ADSM-L

Re: [ADSM-L] Unicode on UNIX

2010-05-18 19:42:11
Subject: Re: [ADSM-L] Unicode on UNIX
From: km <km AT GROGG DOT ORG>
To: ADSM-L AT VM.MARIST DOT EDU
Date: Wed, 19 May 2010 01:20:25 +0200
On 19/05, Michael Green wrote:
> On Tue, May 18, 2010 at 10:49 PM, km <km AT grogg DOT org> wrote:
> > I would advice against overriding the default settings in a script and
> > instead to set the correct locale for the system. Most system settings in
> > RHEL based distros are made in the sysconfig directory:
> >
> > http://www.centos.org/docs/5/html/5.1/Deployment_Guide/s2-sysconfig-i18n.html
> >
>
> Please let me disagree with you. I think it's a wrong approach to
> change locale for the entire OS for the sake of backups only.
> Besides, I'm not fully aware of consequences of changing the locale
> system wide.
> Are you?

You should not change it for the sole purpose of backups but rather the
system locale should (YMMV) match what is being used on the system. This is
very common in non english speaking countries and fully supported with UTF-8
since atleast the release of RHEL 4. So yes, I am.
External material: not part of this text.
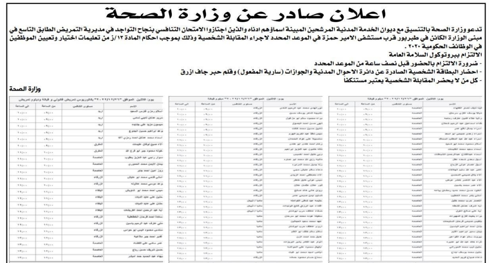 مؤسسات حكومية تعلن حاجتها لتعيين وتعبئة وظائف شاغرة On ديسمبر 21, 2022 Share وكالة الناس – أعلنت عدد من المؤسسات الحكومية اليوم الأربعاء، بالتنسيق مع ديوان الخدمة المدنية، عن حاجتها لتعيين وتعبيئة وظائف شاغرة وإجراء مقابلات شخصية. ودعت المؤسسات المدرجة أسماؤهم أدناه لاصطحاب الوثائق اللازمة للتعيين. وتالياً التفاصيل:
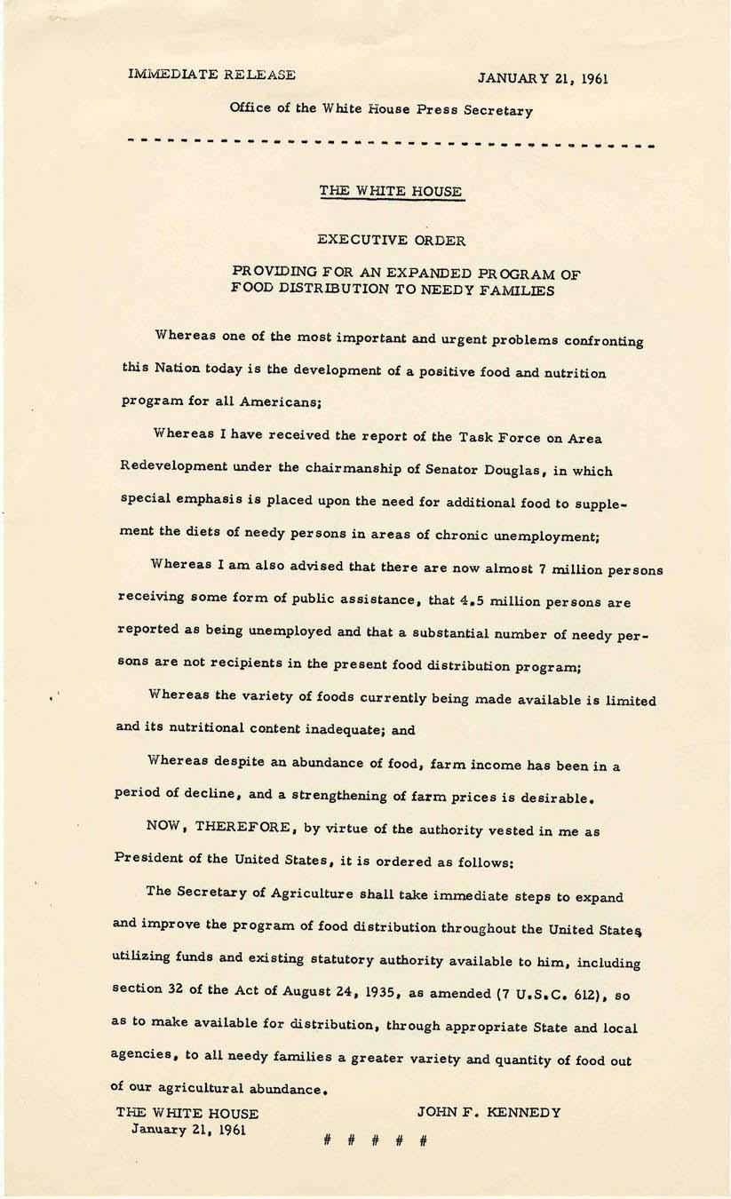 Original press release of John F. Kennedy's first Executive Order, made on his first full day in office as President, dated 21 January 1961. The order mandates an increase in the quantity and variety of foods donated for needy households and reads in part, ''…Whereas the variety of foods currently being made available is limited and its nutritional content inadequate. The Secretary of Agriculture shall take immediate steps to expand and improve the program…'' Document, measuring 8.5'' x 14'' on one page, is in fine condition.

> > In this case, if the locale does not exist, just install it. Since the en_US
> > locale is included in the glibc-common RPM try to reinstall or update that
> > RPM.
>
> I didn't tell en_US locale doesn't exist. In contrary, it does. What I
> said is that Linux TSM client will not backup files with funny
> characters in filename after dsmcad is started from init script on
> _bootup_ with LC_CTYPE and LANG locales set to en_US in RHEL and SLES.

Wasn't that what the OP was saying, that the locale did not exist? Atleast
that is what I interpret this as:

"However, a user running CentOS thinks that en_US does not exist in that flavor 
of LINUX, so he misses 1000s of files each night."

This looks to me like the en_US locale is borked, which is part of
glibc-common. Maybe it was a hypothetical question. My bad in that case.

> I challenge anyone to show that it works for him/her in any version of
> RHEL or SLES.

The system i18n settings are sourced by rc.sysinit before either inittab or
any of the runlevel scripts are run so in theory everything should inherit
it correctly. I will check this tomorrow.

> >> However, a user running CentOS thinks that en_US does not exist in that 
> >> flavor of LINUX, so he misses 1000s of files each night.
> >>
> >> Anyone have any thoughts on this?
>
> Fred has touched here a major problem that has plagued TSM product
> line for ages and continues to go unresolved. This is absolutely
> unacceptable that TSM client skips files with filenames that do not
> conform to specific locale. In my view, every file that can be
> registered in a file system (ext3/reiser/xfs) supported by major
> commercial Linux distributions (RHEL/SLES) must be backed up no matter
> what.  As long as file system itself is consistent and underlying
> physical media is not damaged everything should just work.
> At around 2008 IBM published a paper called "Tivoli Storage Manager
> and Localization". The paper contains explanations on why it doesn't
> work and describes in length how to deal with the files named in
> various barbarian languages. It's a fascinating reading, but doesn't
> help much in my situation. And besides, with all due respect, IMO
> that's not something I, as administrator, should be dealing with. If
> GNU tar can swallow and restore these files without messing with
> locale or anything else, why TSM cannot?
> --
> Warm regards,
> Michael Green

I totally agree with this. A very common problem is servers with
filenames in different locales on the same server, for example software
repositories or file shares for multiple countries/languages.

-km